I am well versed with Ubuntu and its flavors and that would have been my go to choice 3 yrs ago. Now, I have moved over to Manjaro on my daily driver. I love what the Manjaro team has done and more importantly adore the simple installation of packages that an be found on Arch repos. AUR is something that has never failed my when I need that out of the way package.

Hence what ever package I choose would have to be Arch based. But then again, I didn't want GNOME, KDE,or XFCE. Those are all that I have used before. I wanted a challenge. I wanted to give a second try to Tiling based Manager.

I use Tmux heavily on a daily basis and the mouse-free experience is liberating. I had tried AwesomeWM on a bare Arch install before. That time, something broke and I had to fix it quickly. From experience I knew that the I should take baby steps.

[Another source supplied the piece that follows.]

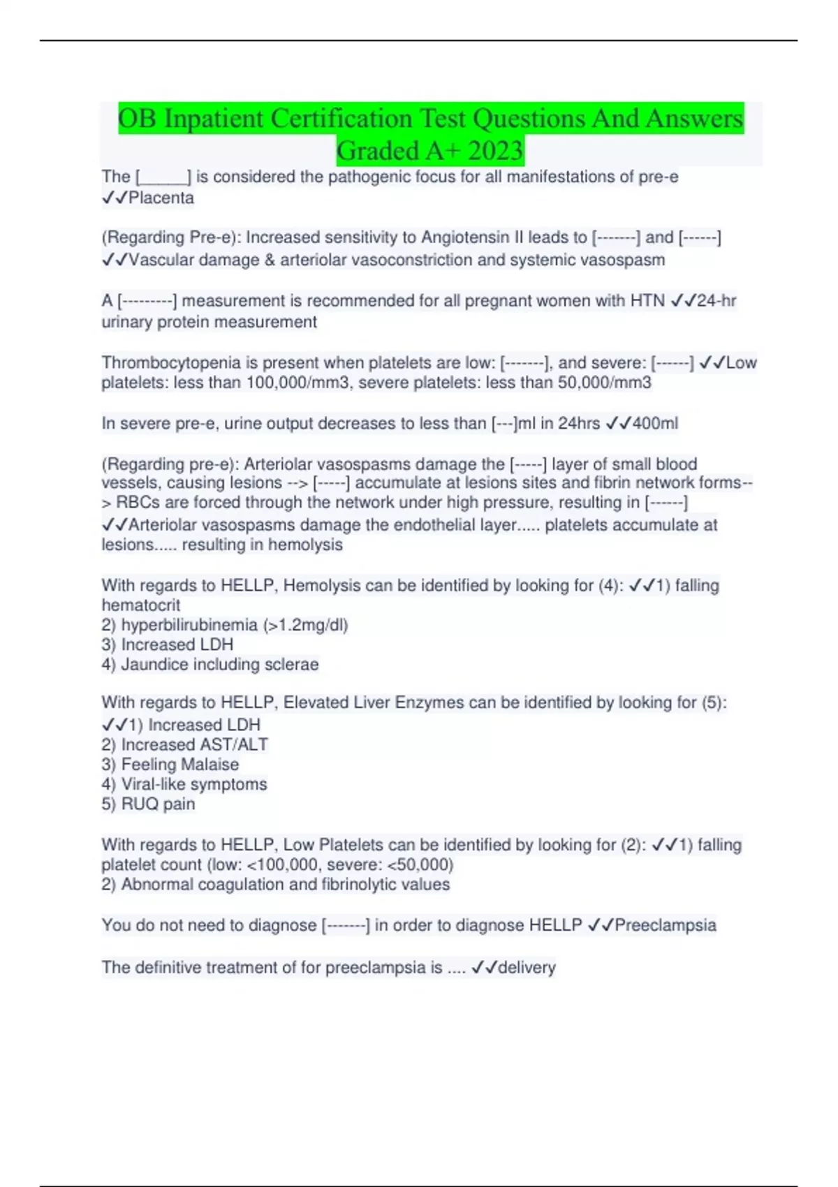 OB Inpatient Certification Test Questions And Answers Graded A+ 2023 The [_____] is considered the pathogenic focus for all manifestations of pre-e Placenta (Regarding Pre-e): Increased sensitivity to Angiotensin II leads to [-------] and [------] Vascular damage & arteriolar vasoconstriction and systemic vasospasm A [---------] measurement is recommended for all pregnant women with HTN 24-hr urinary protein measurement Thrombocytopenia is present when platelets are low: [-------], and severe: [------] Low platelets: less than 100,000/mm3

After searching on Distrowatch, I narrowed my candidates to

Both were Arch based and offered choices in Tiling Managers, like i3. bswpm, Qtile. I chose i3 as that is one that has the biggest community and has been in use for the latest. probably try bswpm later in life, maybe Qtile as well.

Between the 2 distros, I chose Garuda as it was very well received by the community. After installing the OS, I soon realized why. The OS did most of the configuration I was gonna do any way.

It had Zsh, with a decent theme. It used Alacritty.

All I needed to get it truly going was Tmux and neovim and it would be perfect.

I will keep this article updated as I go through the process of setting up this laptop. I will also be linking posts on the neat little tricks I find on the system.

Enjoy the weekend and have fun hacking!!